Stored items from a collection
════════════════

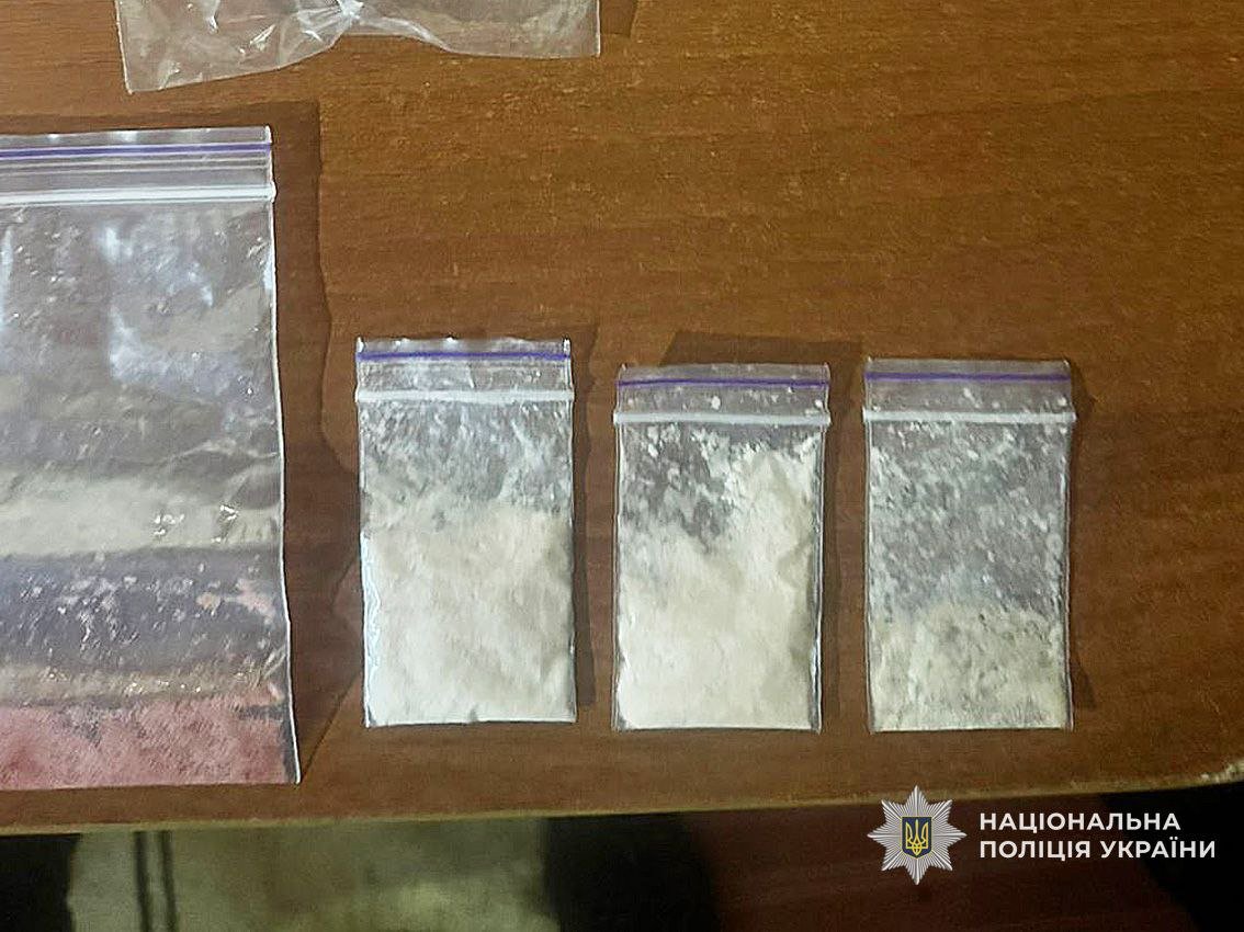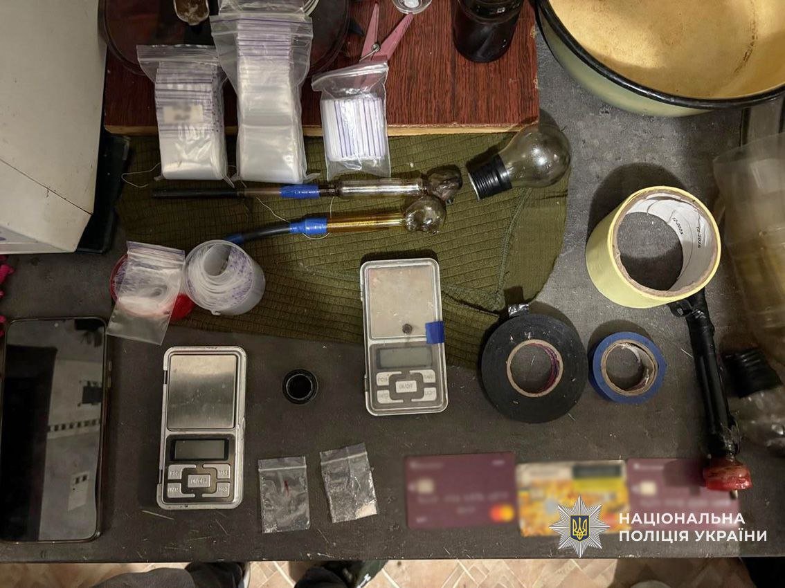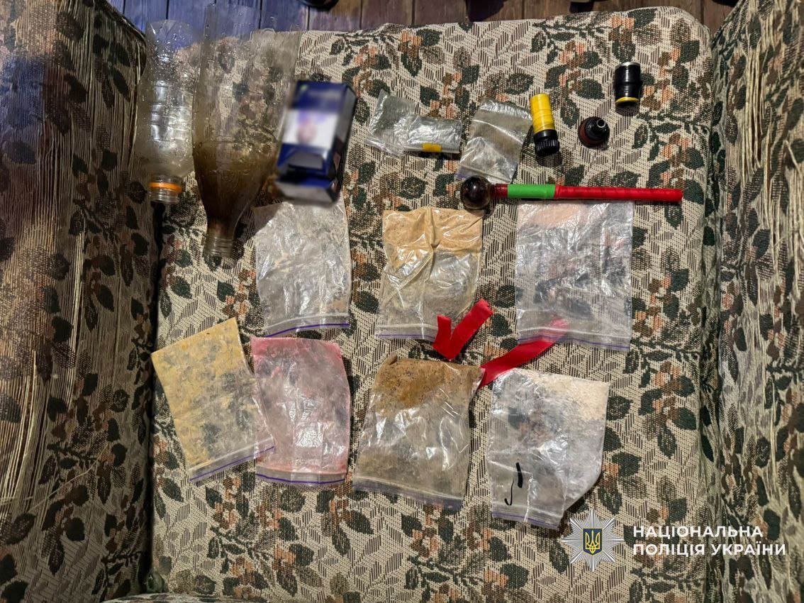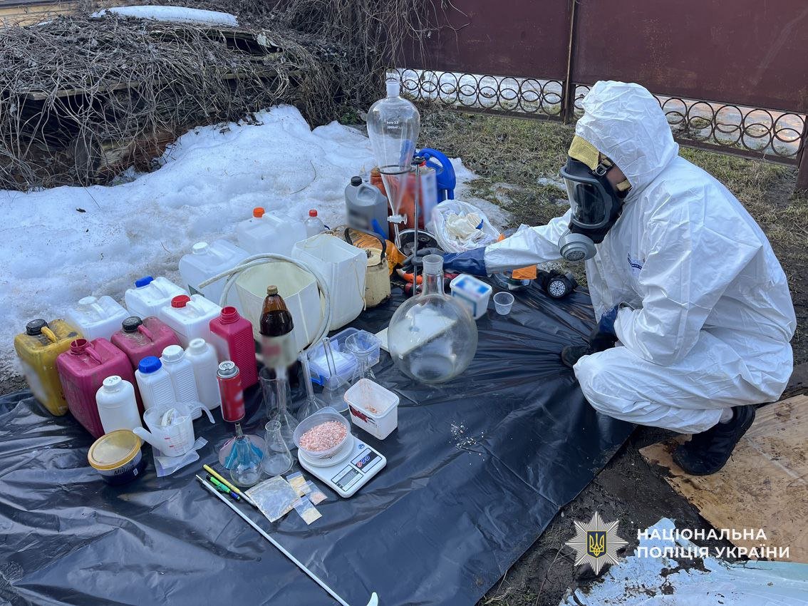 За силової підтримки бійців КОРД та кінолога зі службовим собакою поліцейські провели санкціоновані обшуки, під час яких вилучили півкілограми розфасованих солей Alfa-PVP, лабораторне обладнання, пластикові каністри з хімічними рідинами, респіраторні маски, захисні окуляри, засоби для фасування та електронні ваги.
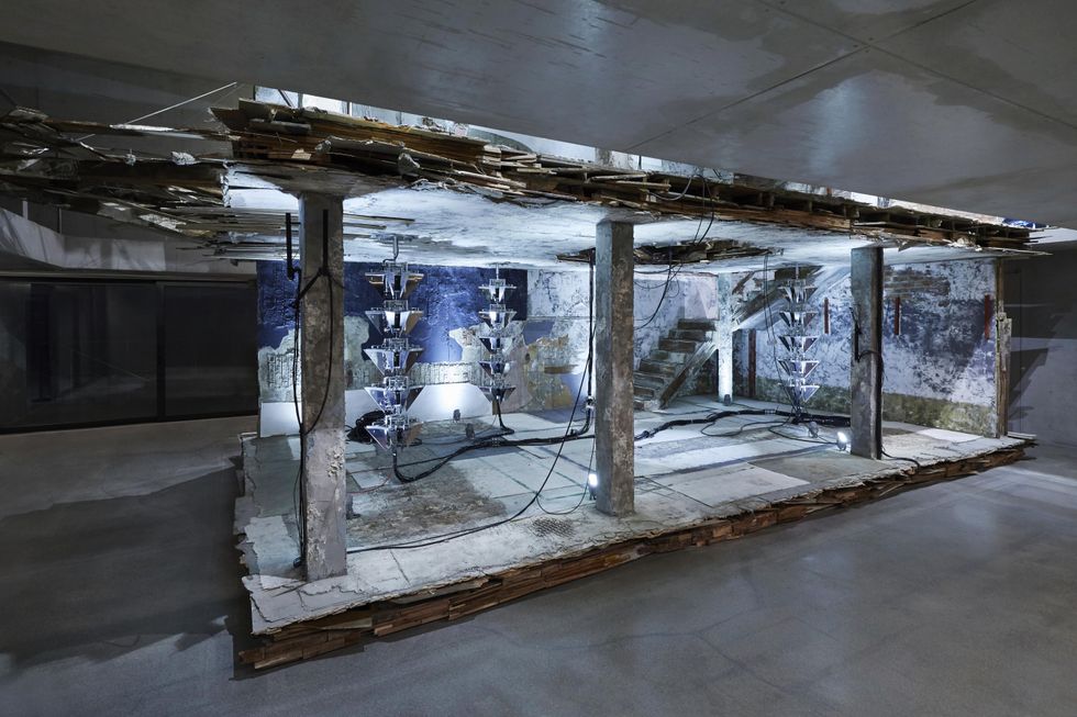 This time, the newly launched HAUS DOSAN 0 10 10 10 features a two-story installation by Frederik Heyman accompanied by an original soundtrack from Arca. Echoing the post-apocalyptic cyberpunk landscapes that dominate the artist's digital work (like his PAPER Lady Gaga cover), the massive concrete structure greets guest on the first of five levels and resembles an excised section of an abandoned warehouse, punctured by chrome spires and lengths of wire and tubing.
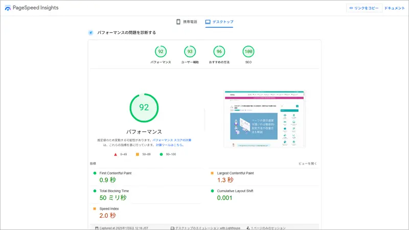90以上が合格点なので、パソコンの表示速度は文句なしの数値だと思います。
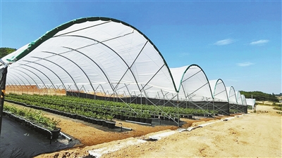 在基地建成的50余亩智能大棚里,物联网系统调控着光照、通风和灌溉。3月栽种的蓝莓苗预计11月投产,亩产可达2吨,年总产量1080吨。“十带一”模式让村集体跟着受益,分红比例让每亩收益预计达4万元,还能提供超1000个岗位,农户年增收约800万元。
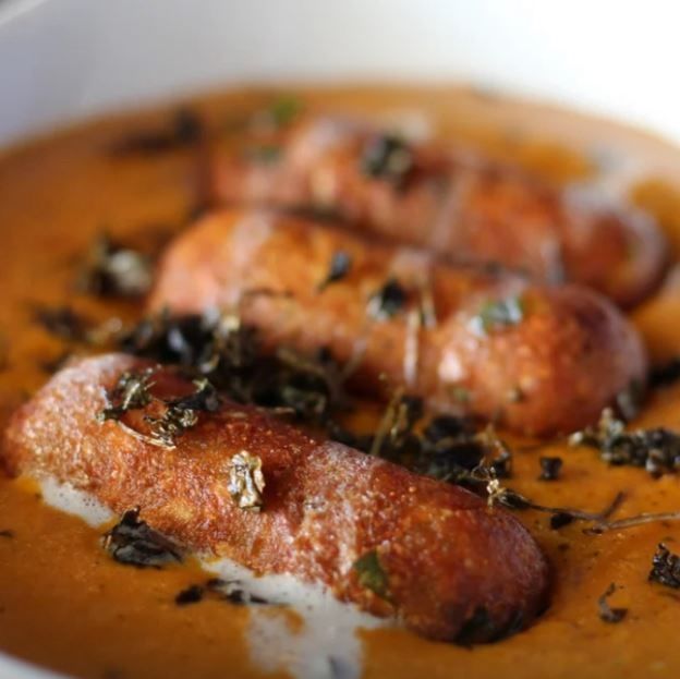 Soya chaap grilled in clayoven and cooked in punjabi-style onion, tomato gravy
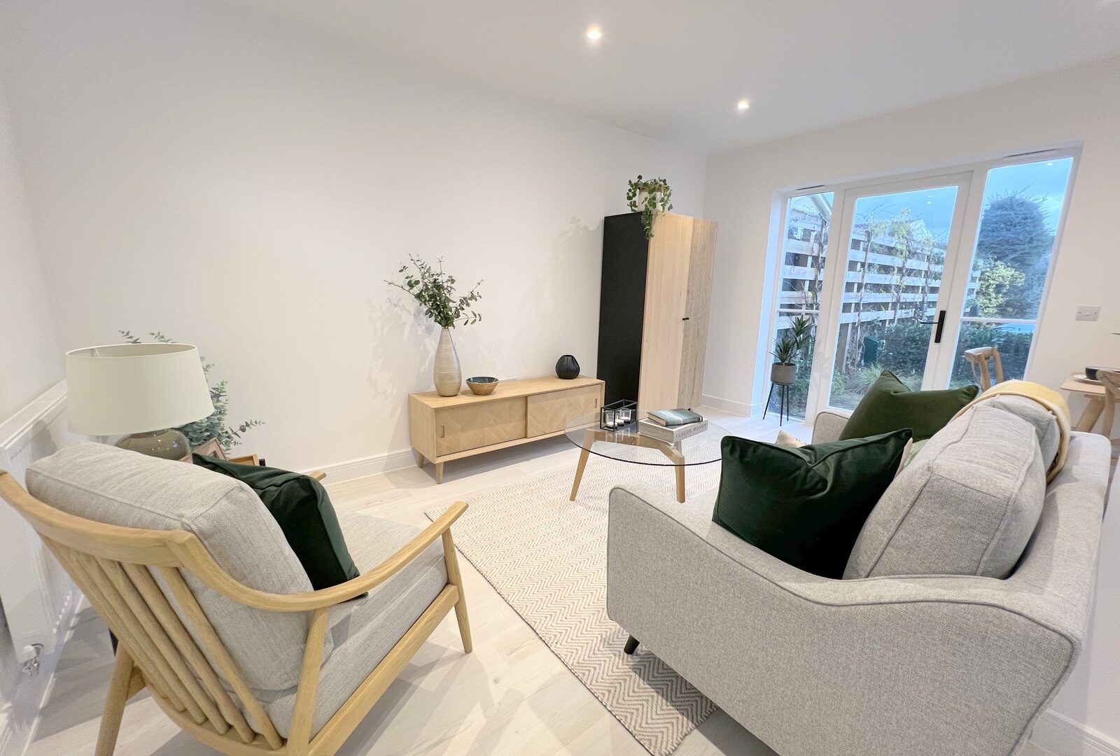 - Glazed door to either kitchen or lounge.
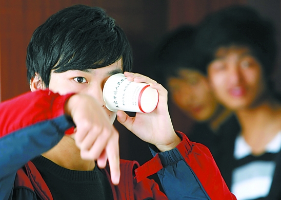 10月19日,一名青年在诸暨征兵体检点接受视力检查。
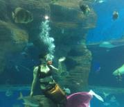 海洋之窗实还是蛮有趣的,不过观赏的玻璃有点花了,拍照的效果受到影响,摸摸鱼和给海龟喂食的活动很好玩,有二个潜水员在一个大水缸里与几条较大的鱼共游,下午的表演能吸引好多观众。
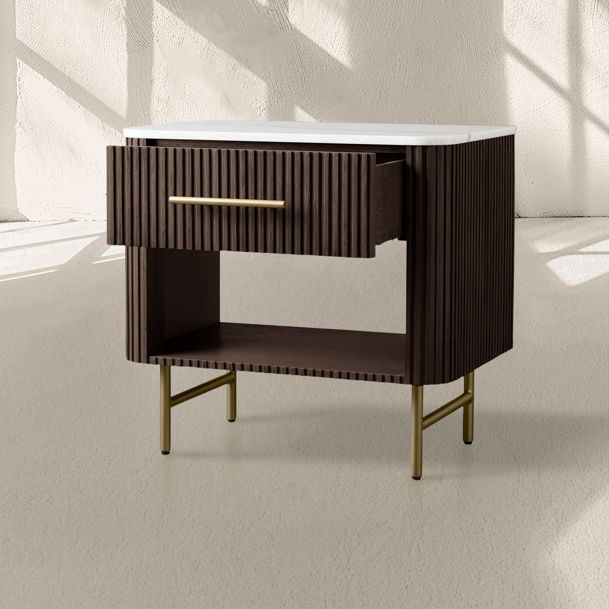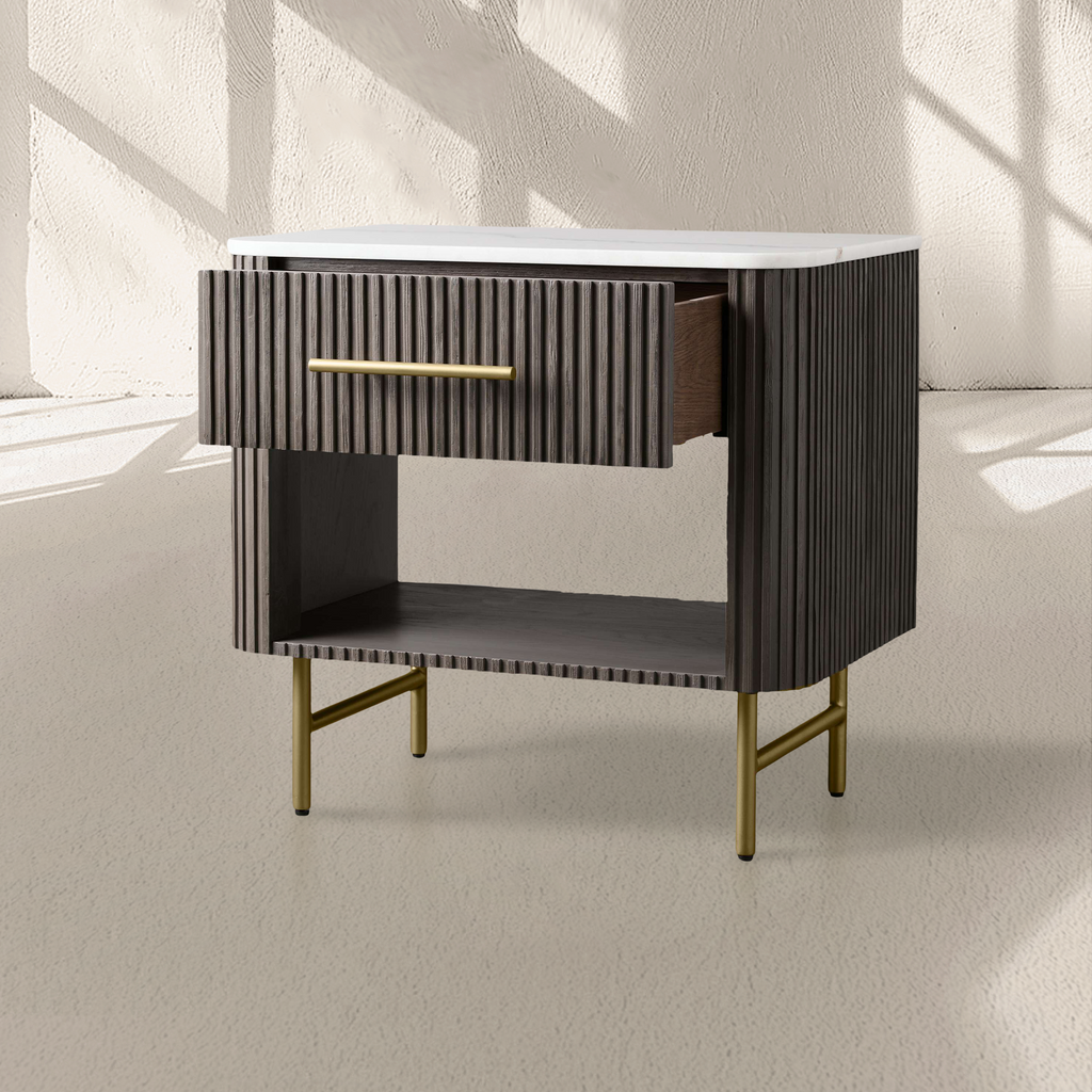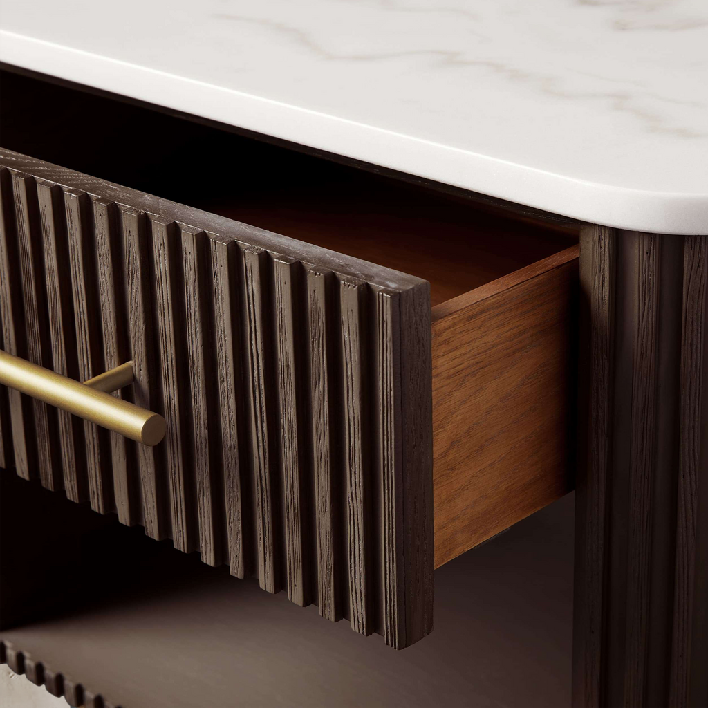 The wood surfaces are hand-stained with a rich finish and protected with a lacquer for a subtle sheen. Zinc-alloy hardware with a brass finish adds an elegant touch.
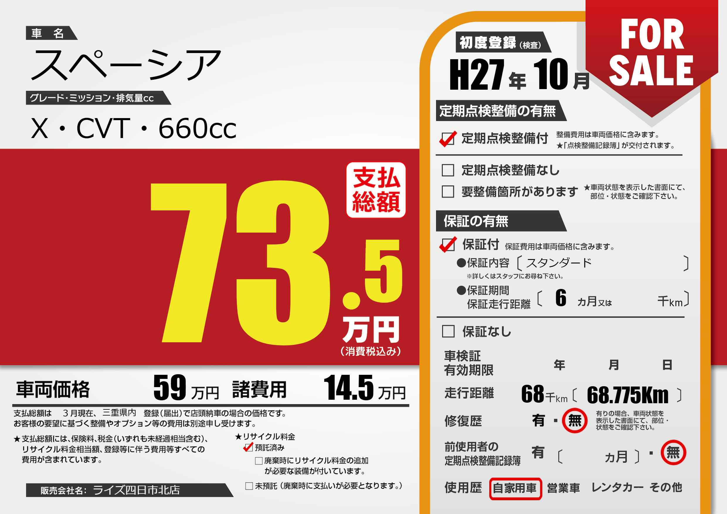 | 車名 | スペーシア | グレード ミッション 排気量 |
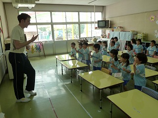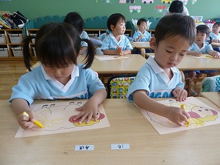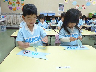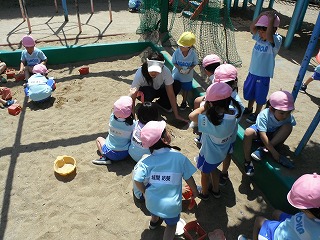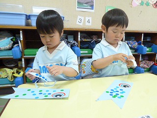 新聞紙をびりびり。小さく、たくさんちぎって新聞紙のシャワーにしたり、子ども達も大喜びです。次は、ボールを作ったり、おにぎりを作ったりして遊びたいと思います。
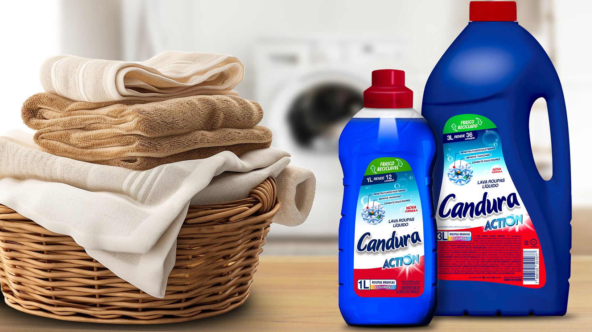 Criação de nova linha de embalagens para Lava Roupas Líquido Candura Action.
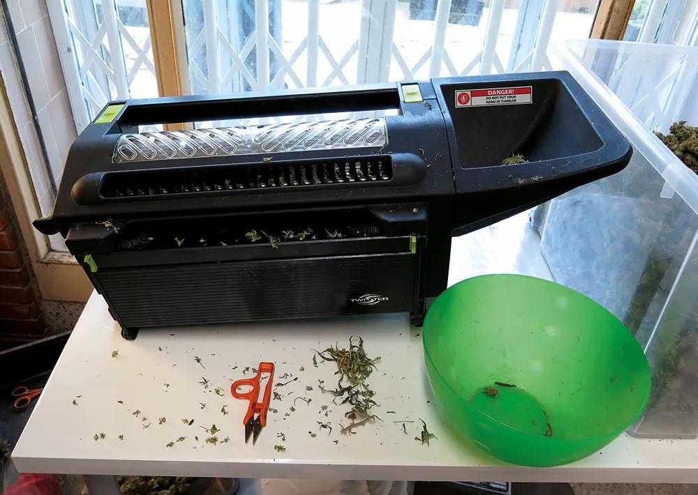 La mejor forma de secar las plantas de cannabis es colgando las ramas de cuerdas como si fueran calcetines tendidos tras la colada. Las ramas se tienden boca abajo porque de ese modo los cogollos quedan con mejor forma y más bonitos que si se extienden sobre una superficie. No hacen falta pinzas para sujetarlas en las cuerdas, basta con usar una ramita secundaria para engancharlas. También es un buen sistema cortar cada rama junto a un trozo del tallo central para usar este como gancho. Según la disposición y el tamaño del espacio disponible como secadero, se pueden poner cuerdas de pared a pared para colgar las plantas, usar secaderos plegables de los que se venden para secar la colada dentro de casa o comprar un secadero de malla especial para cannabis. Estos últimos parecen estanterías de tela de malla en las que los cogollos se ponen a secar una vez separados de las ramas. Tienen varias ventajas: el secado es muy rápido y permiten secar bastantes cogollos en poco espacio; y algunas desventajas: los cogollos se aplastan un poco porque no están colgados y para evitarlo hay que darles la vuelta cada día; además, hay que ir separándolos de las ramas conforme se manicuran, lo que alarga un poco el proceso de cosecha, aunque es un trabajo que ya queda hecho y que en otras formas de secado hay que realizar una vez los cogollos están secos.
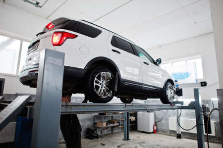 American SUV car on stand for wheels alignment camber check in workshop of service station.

════════════════

» Your task
Copy word for word only the lines above from the one with "新聞紙をびりびり。小さく、た" through the one with "Criação de nova". Leave pictures out.

» Your response
 新聞紙をびりびり。小さく、たくさんちぎって新聞紙のシャワーにしたり、子ども達も大喜びです。次は、ボールを作ったり、おにぎりを作ったりして遊びたいと思います。
 Criação de nova linha de embalagens para Lava Roupas Líquido Candura Action.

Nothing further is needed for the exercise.